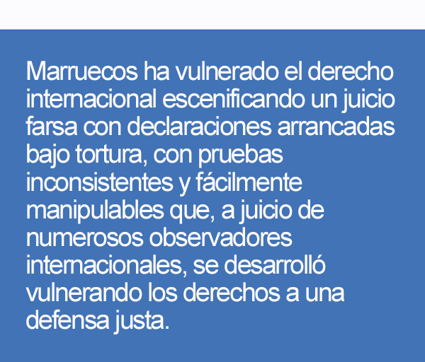 Marruecos ha vulnerado el derecho internacional escenificando un juicio farsa con declaraciones arrancadas bajo tortura, con pruebas inconsistentes y fácilmente manipulables que, a juicio de numerosos observadores internacionales, se desarrolló vulnerando los derechos a una defensa justa.
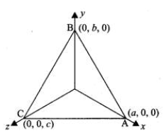 Let $\mathrm{A}(\mathrm{a}, 0,0), \mathrm{B}(0, \mathrm{~b}, 0), \mathrm{C}(0,0, \mathrm{c})$
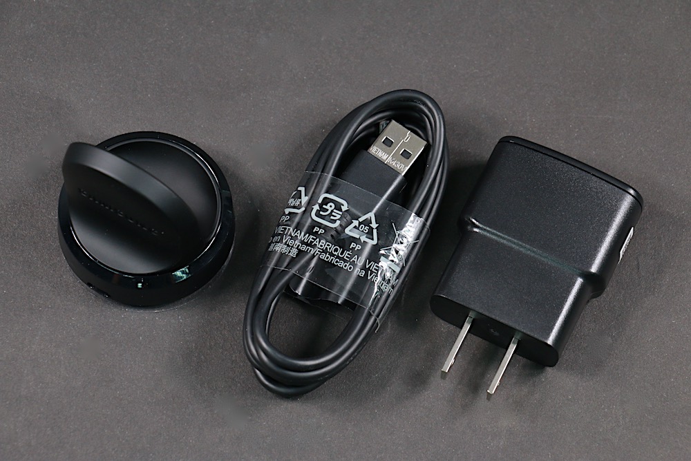 盒裝內除了 Galaxy Watch 46mm 本體之外,還另有附贈一個充電器、一條 USB 充電線,以及一個磁吸式充電底座,只要組裝完成並將手錶放置在充電座上,就可以開始進行充電。另外,充電的過程中,Galaxy Watch 46mm 會貼心的將螢幕畫面轉正,方便檢視目前時間或接收任何訊息。
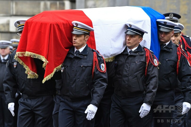 追悼式にはフランソワ・オランド(Francois Hollande)大統領の他、大統領選の決選投票に駒を進めた2人の候補、中道系独立候補のエマニュエル・マクロン(Emmanuel Macron)前経済相(39)と極右政党「国民戦線(FN)」のマリーヌ・ルペン(Marine Le Pen)党首(48)も出席した。
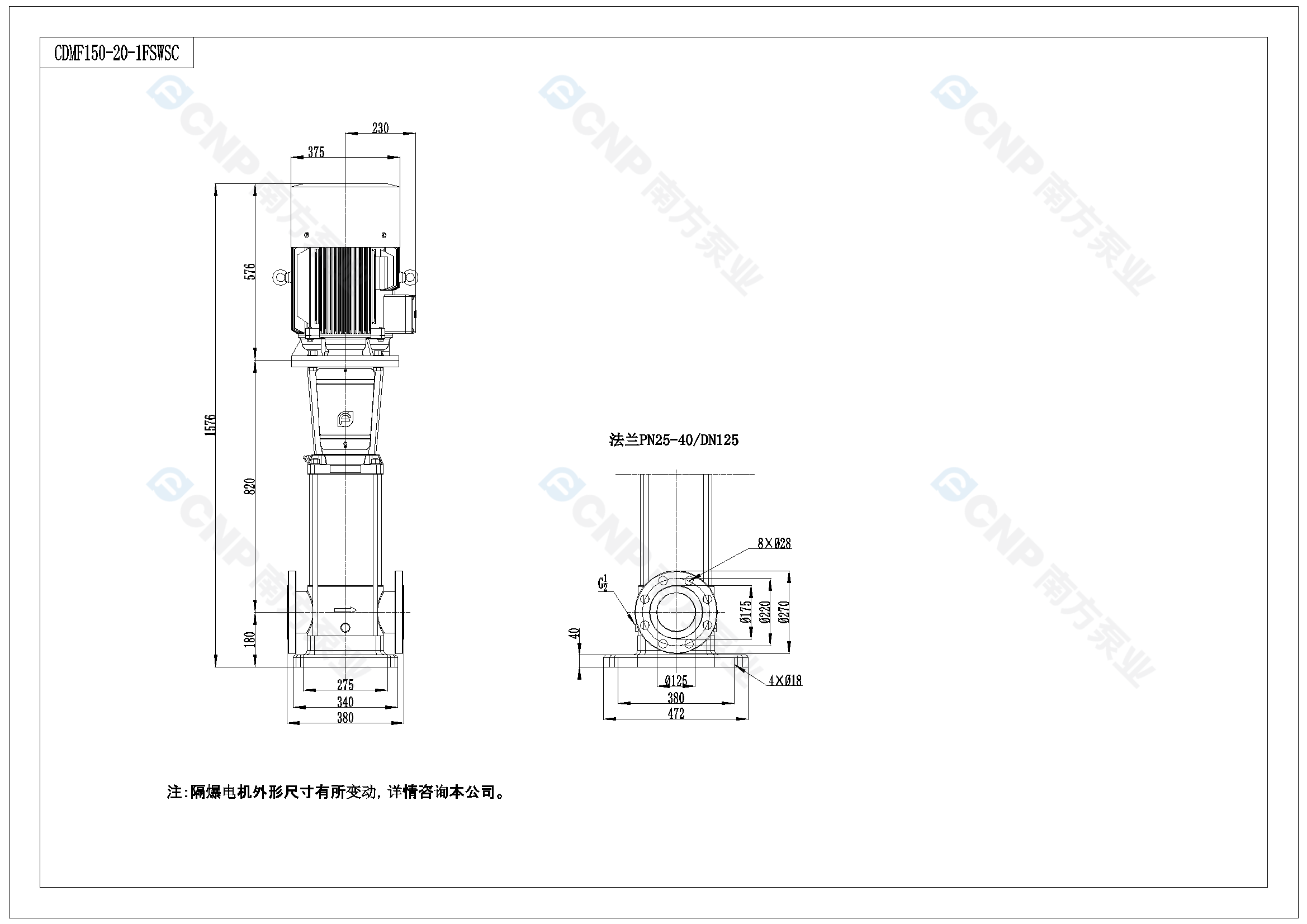 您的位置: 南方泵業 > 在線選型 > 多級泵 > CDM(F)(50Hz) > CDM150-2-1
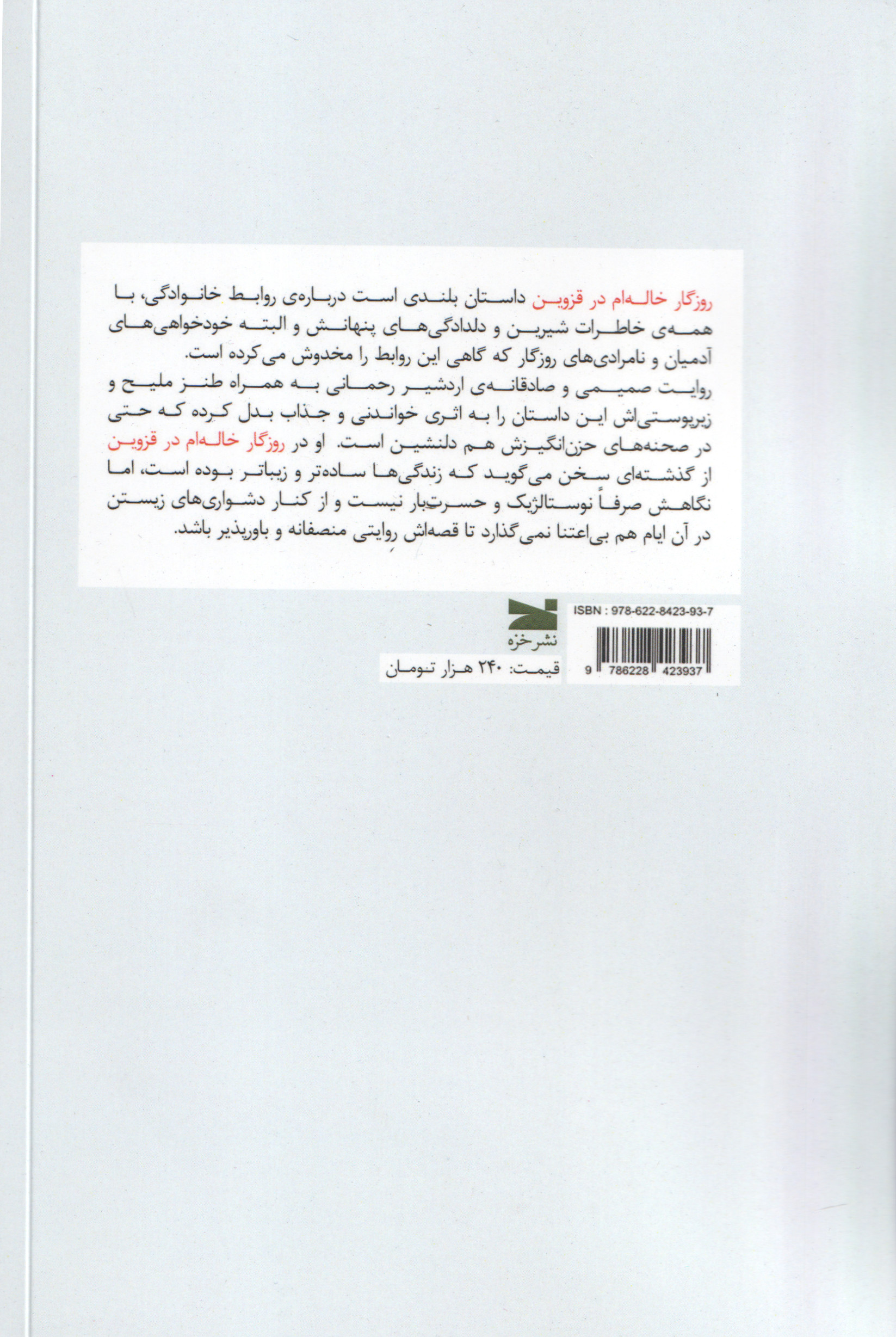 روایت صمیمی و صادقانهی اردشیر رحمانی به همراه طنز ملیح و زیرپوستیاش این داستان را به اثری خواندنی و جذاب بدل کرده که حتی در صحنههای حزنانگیزش هم دلنشین است. او در روزگار خالم در قزوین از گذشتهای سخن میگوید که زندگیها سادهتر و زیباتر بوده است، اما نگاهش صرفا نوستالژیک و حسرتبار نیست و از کنار دشواریهای زیستن در آن ایام هم بیاعتنا نمیگذارد تا قصهاش روایتی منصفانه و باورپذیر باشد.
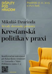 Nitrianske biskupstvo a Kňazský seminár sv. Gorazda v Nitre si Vás dovoľujú pozvať na diskusný večer pod názvom „Kresťanská politika v praxi“. S hosťom večera Mikulášom Dzurindom, bývalým predsedom vlády SR budeme diskutovať o kresťanskej politike. Zoznámime sa s jeho pohľadom na prepojenie viery a verejného života, jeho skúsenosťami z politiky i osobnými postrehmi. Dišputy pod hradom sa uskutočnia v pondelok 27. októbra 2025 o 18,00 hod. v konferenčnej miestnosti pri Kňazskom seminári sv. Gorazda v Nitre, na Pribinovom námestí č.3. Všetci sú srdečne pozvaní!
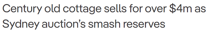 拍卖师Scott Kennedy-Green(图片来源:RealEstate)拍卖师Scott Kennedy-Green告诉围观群众,该住宅在获得批准的情况下拥有无限的发展潜力,并强调了该房产在100年来首次上市的这一事实。据该报道指出,该房产的起拍价为300万澳元,价格在拍卖活动中缓慢攀升至400万澳元。活跃的竞标者也很快从6个变成了2个,其中包括一个年轻的家庭和一个买家中介。最终,该家族以领先另一竞标者5000澳元的竞标价,成功拍得这栋最终价值为401.6万澳元的房产。最终成交价也比底价高出20多万澳元。这栋房子引起了翻新者和建筑商的兴趣。(图片来源:RealEstate)这栋位于Wahroonga的“金三角”地段的房子已被同一个家族持有100年,翻新者和建筑商均对其感兴趣。据悉该房产没有被列入遗产名录,但位于保护区域内。McGrath的房产中介Nick Muzha表示,他对这个结果感到很兴奋,因为几周前,相隔两栋房子外一套“宜居”的房产也以将近410万澳元的价格售出。他说:“这显示了实力。这里是Wahroonga,该房产在一个保护区内,朝北,并处于一个很大的地块上。”据报道称,该房屋是冬季首个周末拍卖会上以超过底价成交的众多房产拍卖会之一。该房屋的拍卖吸引了超过100人围观。(图片来源:RealEstate)新州Ray White的首席拍卖师Alex Pattaro表示,本周的清盘率是自2021年底以来的最高水平。“拍卖竞争激烈,应该会给卖家带来交易的信心。”他说,“悉尼房地产市场开始滚雪球,并获得强劲的发展势头。拍卖仍然是最佳的销售方式,能向买家展示还有其他有信心的买家希望成功购房。”PropTrack的经济研究总监Cameron Kusher透露,本周悉尼各地有626场拍卖会,较去年增长17%。然而,冬季的开始意味着拍卖活动的减少,据悉下周只有477场拍卖。对此Kusher表示:“随着我们进一步进入通常比较安静的冬季销售季节,这是可以预料的。”![]()
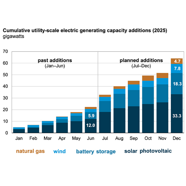 The United States is on track for a record increase in power generation capacity in 2025, the U.S. Energy Information Administration reports.
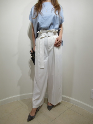 (ワイドパンツをかっこよく)ウェストマークのワイドパンツはざっくりとしたトップスで合わせ、今季らしいゆるシルエットを強調するとバランスの取れたシンプルな中にもかっこいいスタイリングになります。色は爽やかにブルーと白で。
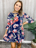 This tunic dress features a gorgeous floral print, 3/4 length sleeves, a-line fit, and a cute cutout neck detail. Rock this with wedges or pair it with leggings.
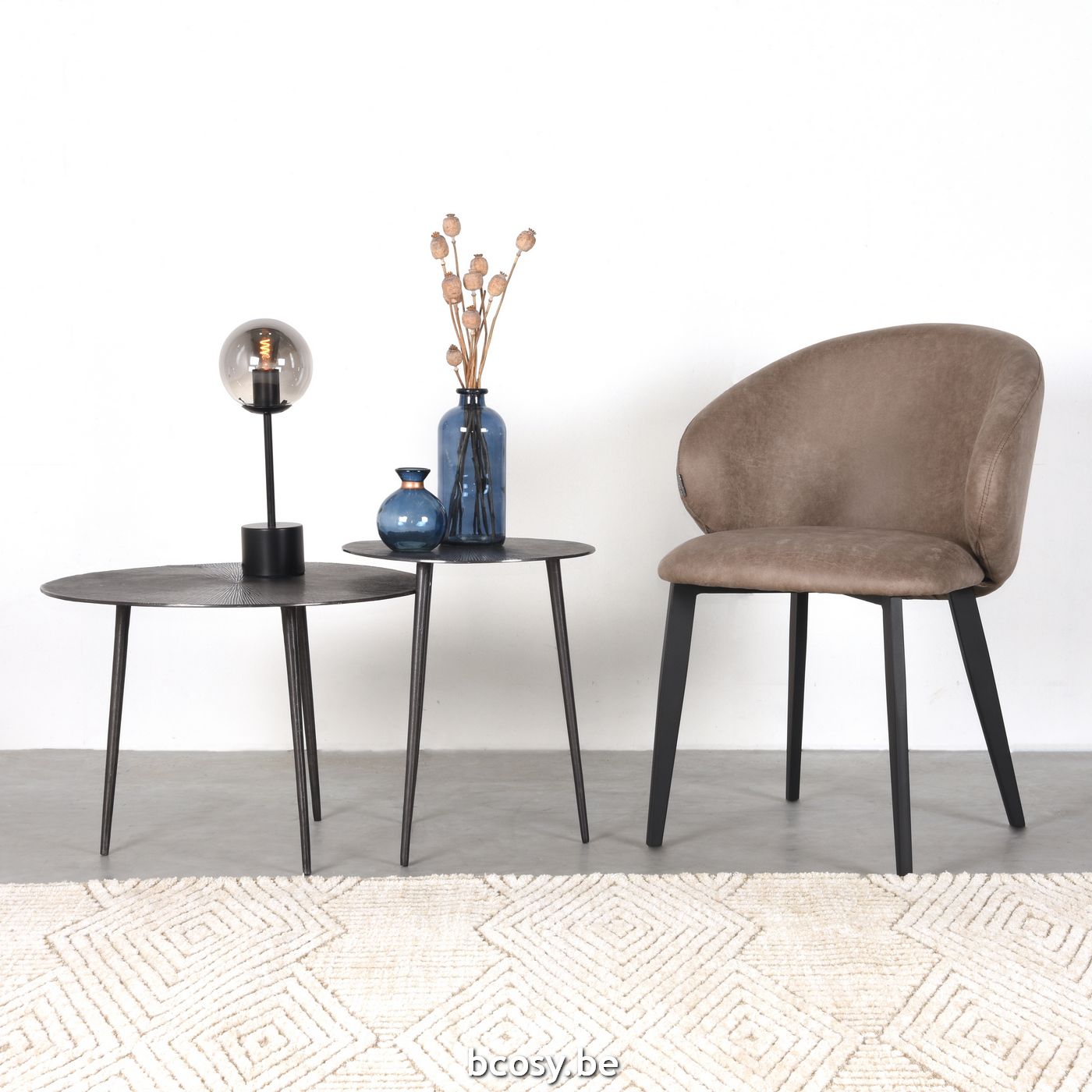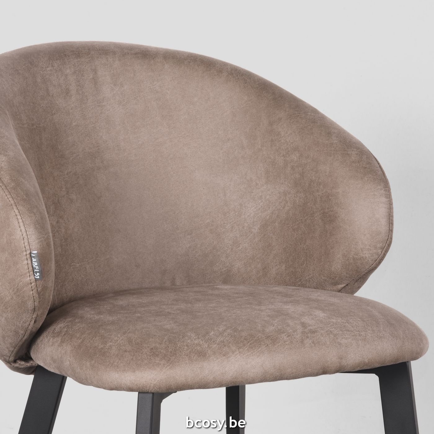 Français: LABEL51 Chaise de salle à manger Logan Taupe Micro Suede Zwart Metalen Frame
- - -
** ASSIGNED TASK **
The entries above, without their pictures, should be written out exactly.

** WORKED SOLUTION **
 Marruecos ha vulnerado el derecho internacional escenificando un juicio farsa con declaraciones arrancadas bajo tortura, con pruebas inconsistentes y fácilmente manipulables que, a juicio de numerosos observadores internacionales, se desarrolló vulnerando los derechos a una defensa justa.
 Let $\mathrm{A}(\mathrm{a}, 0,0), \mathrm{B}(0, \mathrm{~b}, 0), \mathrm{C}(0,0, \mathrm{c})$
 盒裝內除了 Galaxy Watch 46mm 本體之外,還另有附贈一個充電器、一條 USB 充電線,以及一個磁吸式充電底座,只要組裝完成並將手錶放置在充電座上,就可以開始進行充電。另外,充電的過程中,Galaxy Watch 46mm 會貼心的將螢幕畫面轉正,方便檢視目前時間或接收任何訊息。
 追悼式にはフランソワ・オランド(Francois Hollande)大統領の他、大統領選の決選投票に駒を進めた2人の候補、中道系独立候補のエマニュエル・マクロン(Emmanuel Macron)前経済相(39)と極右政党「国民戦線(FN)」のマリーヌ・ルペン(Marine Le Pen)党首(48)も出席した。
 您的位置: 南方泵業 > 在線選型 > 多級泵 > CDM(F)(50Hz) > CDM150-2-1
 روایت صمیمی و صادقانهی اردشیر رحمانی به همراه طنز ملیح و زیرپوستیاش این داستان را به اثری خواندنی و جذاب بدل کرده که حتی در صحنههای حزنانگیزش هم دلنشین است. او در روزگار خالم در قزوین از گذشتهای سخن میگوید که زندگیها سادهتر و زیباتر بوده است، اما نگاهش صرفا نوستالژیک و حسرتبار نیست و از کنار دشواریهای زیستن در آن ایام هم بیاعتنا نمیگذارد تا قصهاش روایتی منصفانه و باورپذیر باشد.
 Nitrianske biskupstvo a Kňazský seminár sv. Gorazda v Nitre si Vás dovoľujú pozvať na diskusný večer pod názvom „Kresťanská politika v praxi“. S hosťom večera Mikulášom Dzurindom, bývalým predsedom vlády SR budeme diskutovať o kresťanskej politike. Zoznámime sa s jeho pohľadom na prepojenie viery a verejného života, jeho skúsenosťami z politiky i osobnými postrehmi. Dišputy pod hradom sa uskutočnia v pondelok 27. októbra 2025 o 18,00 hod. v konferenčnej miestnosti pri Kňazskom seminári sv. Gorazda v Nitre, na Pribinovom námestí č.3. Všetci sú srdečne pozvaní!
 拍卖师Scott Kennedy-Green(图片来源:RealEstate)拍卖师Scott Kennedy-Green告诉围观群众,该住宅在获得批准的情况下拥有无限的发展潜力,并强调了该房产在100年来首次上市的这一事实。据该报道指出,该房产的起拍价为300万澳元,价格在拍卖活动中缓慢攀升至400万澳元。活跃的竞标者也很快从6个变成了2个,其中包括一个年轻的家庭和一个买家中介。最终,该家族以领先另一竞标者5000澳元的竞标价,成功拍得这栋最终价值为401.6万澳元的房产。最终成交价也比底价高出20多万澳元。这栋房子引起了翻新者和建筑商的兴趣。(图片来源:RealEstate)这栋位于Wahroonga的“金三角”地段的房子已被同一个家族持有100年,翻新者和建筑商均对其感兴趣。据悉该房产没有被列入遗产名录,但位于保护区域内。McGrath的房产中介Nick Muzha表示,他对这个结果感到很兴奋,因为几周前,相隔两栋房子外一套“宜居”的房产也以将近410万澳元的价格售出。他说:“这显示了实力。这里是Wahroonga,该房产在一个保护区内,朝北,并处于一个很大的地块上。”据报道称,该房屋是冬季首个周末拍卖会上以超过底价成交的众多房产拍卖会之一。该房屋的拍卖吸引了超过100人围观。(图片来源:RealEstate)新州Ray White的首席拍卖师Alex Pattaro表示,本周的清盘率是自2021年底以来的最高水平。“拍卖竞争激烈,应该会给卖家带来交易的信心。”他说,“悉尼房地产市场开始滚雪球,并获得强劲的发展势头。拍卖仍然是最佳的销售方式,能向买家展示还有其他有信心的买家希望成功购房。”PropTrack的经济研究总监Cameron Kusher透露,本周悉尼各地有626场拍卖会,较去年增长17%。然而,冬季的开始意味着拍卖活动的减少,据悉下周只有477场拍卖。对此Kusher表示:“随着我们进一步进入通常比较安静的冬季销售季节,这是可以预料的。”![]()
 The United States is on track for a record increase in power generation capacity in 2025, the U.S. Energy Information Administration reports.
 (ワイドパンツをかっこよく)ウェストマークのワイドパンツはざっくりとしたトップスで合わせ、今季らしいゆるシルエットを強調するとバランスの取れたシンプルな中にもかっこいいスタイリングになります。色は爽やかにブルーと白で。
 This tunic dress features a gorgeous floral print, 3/4 length sleeves, a-line fit, and a cute cutout neck detail. Rock this with wedges or pair it with leggings.
 Français: LABEL51 Chaise de salle à manger Logan Taupe Micro Suede Zwart Metalen Frame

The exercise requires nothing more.